SBP’s Pakistan Investment Bonds auction raises PKR 384.7 billion amid declining yields
Cut-off yields across different tenors decreased by 19-56 basis points

The State Bank of Pakistan (SBP) raised PKR 384.7 billion in Wednesday's Pakistan Investment Bonds (fixed) auction, surpassing the target of PKR 350 billion.
The cut-off yields across different tenors decreased by 19-56 basis points, with yields now ranging between 11.90% and 12.80%.
Inflation in Pakistan is showing a significant downward trend, with headline inflation projected to ease to 3.06% in January, marking the lowest level in nearly nine years.
This follows a year-on-year inflation rate of 4.1% in December, which was already an 80-month low.
An analyst at Arif Habib Limited noted that the real interest rate is projected to reach 9.98% in January, significantly higher than its historical average of approximately 2.5%.

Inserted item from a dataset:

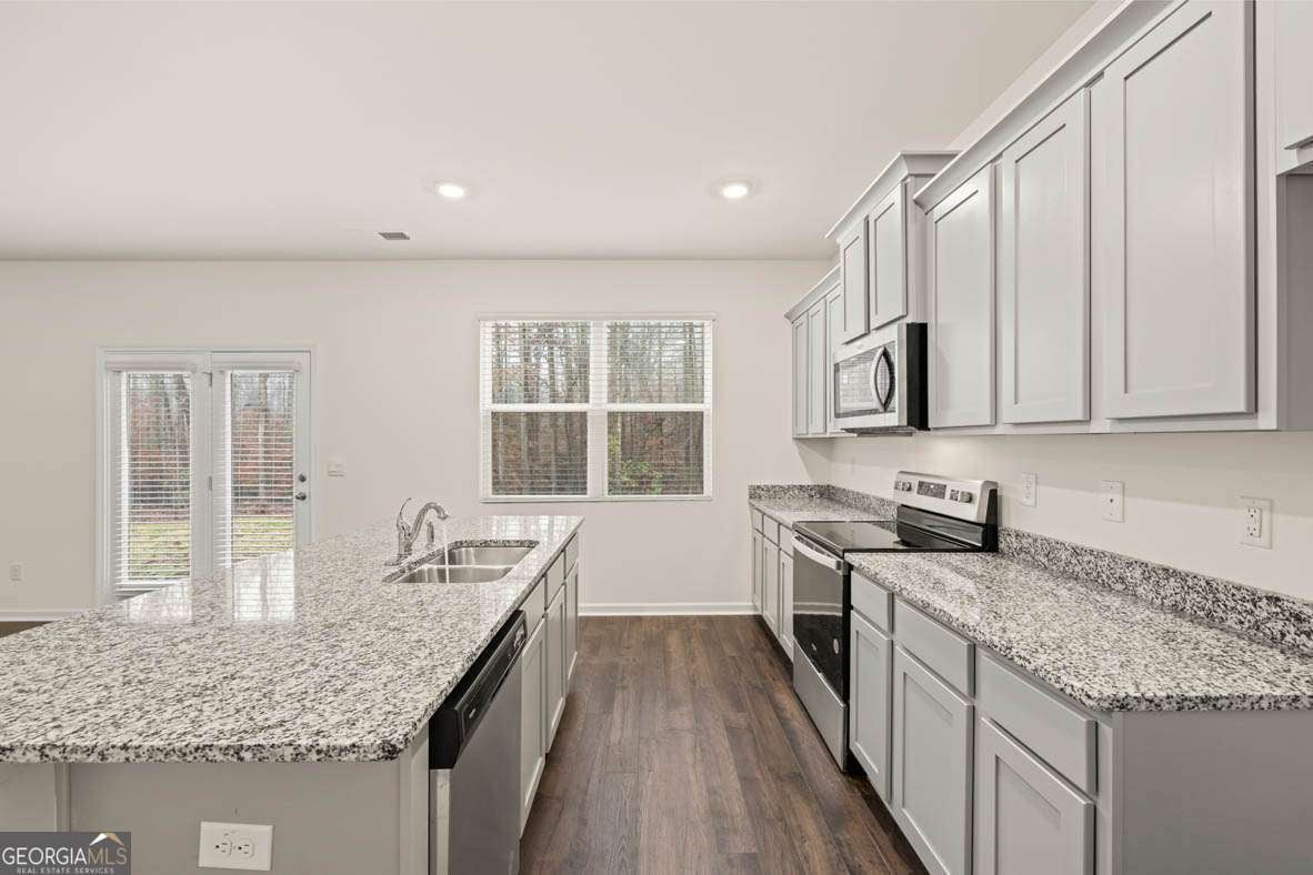 The Hamlin Plan at Oak chase at Hampton by DR Horton - FEB 2026 COMPLETION! APPLIENCE PACKAGE INCLUDED WITH A MARCH CLOSING. 100% FINANCING AVAILABLE!! AMAZING RATES AND UP TO 10K CLOSING COST!!! PRIVATE INTIMATE COMMUNITY. Where Functionality Meets Style - Step into the Hamlin, a beautifully designed home that blends modern style, everyday functionality, and timeless charm. This spacious two-story floor plan features 4 generously sized bedrooms, 2.5 well-appointed bathrooms, a versatile loft area, and a flex space ideal for a home office, playroom, or an additional dining area. At the heart of this home you find an oversized kitchen, showcasing a large island with quartz countertops, tile backsplash, stainless steel appliances, and abundant counter space, perfect for casual family meals or entertaining guests. The open concept layout connects the kitchen seamlessly to the main living and dining areas, creating a welcoming and cozy atmosphere. Upstairs you'll find the owner's suite, featuring dual vanities, a luxurious spa like shower, and a huge walk in closet with ample of space. Additional features include faux wood blinds throughout and an industry leading smart home technology package, keeping you connected and in control whether you're home or away. Located with easy access to I-75, offering a short commute to Atlanta Motor Speedway, and is just minutes from shopping, dining, and everyday conveniences, making it the perfect combination of suburban comfort and city accessibility. Experience the comfort, space, and thoughtful design of the Hamlin Plan, a place you'll love to call home. Henry County Schools. STOCK PHOTOS

Additionally, the historical spread between the policy rate and core inflation has averaged around 1.7% over the past nine years. These indicators suggest that the SBP has substantial room for further rate adjustments.
Given the current economic conditions, a 100 basis points rate cut is anticipated in the upcoming monetary policy meeting in January, which would bring the policy rate down to 12%.